* [Brief]: Copy the lines below, please, starting with the one that contains "Der künstliche Rosenstrauß" and ending with the last. Pictures stay out.

* [Data]:
════════════════════

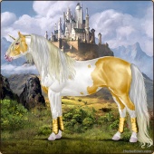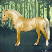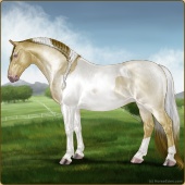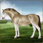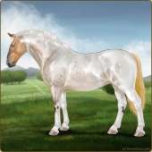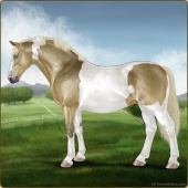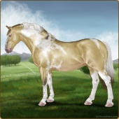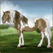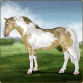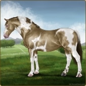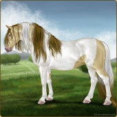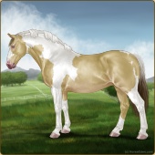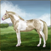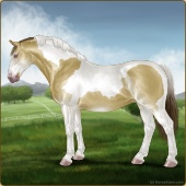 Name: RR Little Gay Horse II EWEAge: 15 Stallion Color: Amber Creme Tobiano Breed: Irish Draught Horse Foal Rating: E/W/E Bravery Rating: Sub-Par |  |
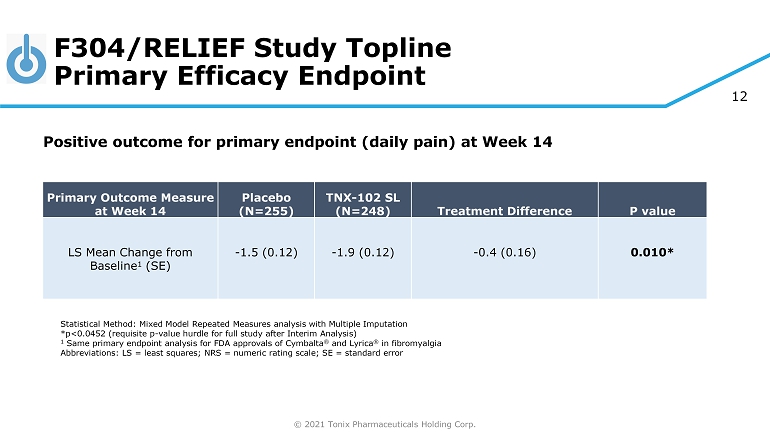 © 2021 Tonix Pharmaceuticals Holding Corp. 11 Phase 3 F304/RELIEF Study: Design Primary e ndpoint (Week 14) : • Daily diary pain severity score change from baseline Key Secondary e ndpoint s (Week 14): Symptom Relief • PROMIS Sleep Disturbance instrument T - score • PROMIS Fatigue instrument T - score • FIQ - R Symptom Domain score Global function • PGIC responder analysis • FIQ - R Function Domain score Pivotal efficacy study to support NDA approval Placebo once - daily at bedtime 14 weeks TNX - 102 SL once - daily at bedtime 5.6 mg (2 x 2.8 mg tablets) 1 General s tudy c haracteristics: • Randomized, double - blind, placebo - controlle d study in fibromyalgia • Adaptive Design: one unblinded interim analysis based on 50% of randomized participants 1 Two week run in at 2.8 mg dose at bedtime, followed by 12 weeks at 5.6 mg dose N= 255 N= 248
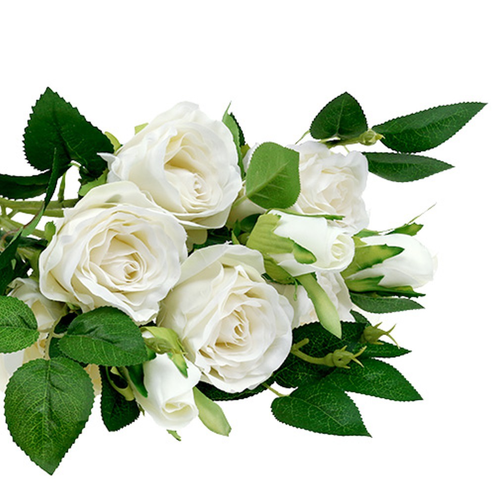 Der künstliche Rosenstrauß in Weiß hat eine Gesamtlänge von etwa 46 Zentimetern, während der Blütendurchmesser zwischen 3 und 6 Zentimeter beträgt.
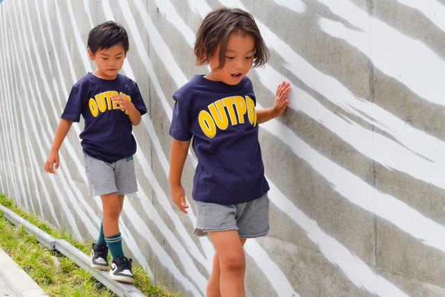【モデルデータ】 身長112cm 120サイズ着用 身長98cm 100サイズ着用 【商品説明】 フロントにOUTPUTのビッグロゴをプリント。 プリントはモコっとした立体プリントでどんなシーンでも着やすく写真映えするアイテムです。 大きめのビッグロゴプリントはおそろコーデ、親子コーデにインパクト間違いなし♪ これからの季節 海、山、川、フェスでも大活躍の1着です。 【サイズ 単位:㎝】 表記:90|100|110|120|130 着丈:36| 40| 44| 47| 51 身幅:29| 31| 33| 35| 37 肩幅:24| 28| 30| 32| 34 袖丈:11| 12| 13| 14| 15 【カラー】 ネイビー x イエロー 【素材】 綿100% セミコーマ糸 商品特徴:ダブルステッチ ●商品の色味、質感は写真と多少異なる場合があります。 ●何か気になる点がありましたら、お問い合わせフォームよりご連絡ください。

════════════════════

* [Response box]:
 Der künstliche Rosenstrauß in Weiß hat eine Gesamtlänge von etwa 46 Zentimetern, während der Blütendurchmesser zwischen 3 und 6 Zentimeter beträgt.
【モデルデータ】 身長112cm 120サイズ着用 身長98cm 100サイズ着用 【商品説明】 フロントにOUTPUTのビッグロゴをプリント。 プリントはモコっとした立体プリントでどんなシーンでも着やすく写真映えするアイテムです。 大きめのビッグロゴプリントはおそろコーデ、親子コーデにインパクト間違いなし♪ これからの季節 海、山、川、フェスでも大活躍の1着です。 【サイズ 単位:㎝】 表記:90|100|110|120|130 着丈:36| 40| 44| 47| 51 身幅:29| 31| 33| 35| 37 肩幅:24| 28| 30| 32| 34 袖丈:11| 12| 13| 14| 15 【カラー】 ネイビー x イエロー 【素材】 綿100% セミコーマ糸 商品特徴:ダブルステッチ ●商品の色味、質感は写真と多少異なる場合があります。 ●何か気になる点がありましたら、お問い合わせフォームよりご連絡ください。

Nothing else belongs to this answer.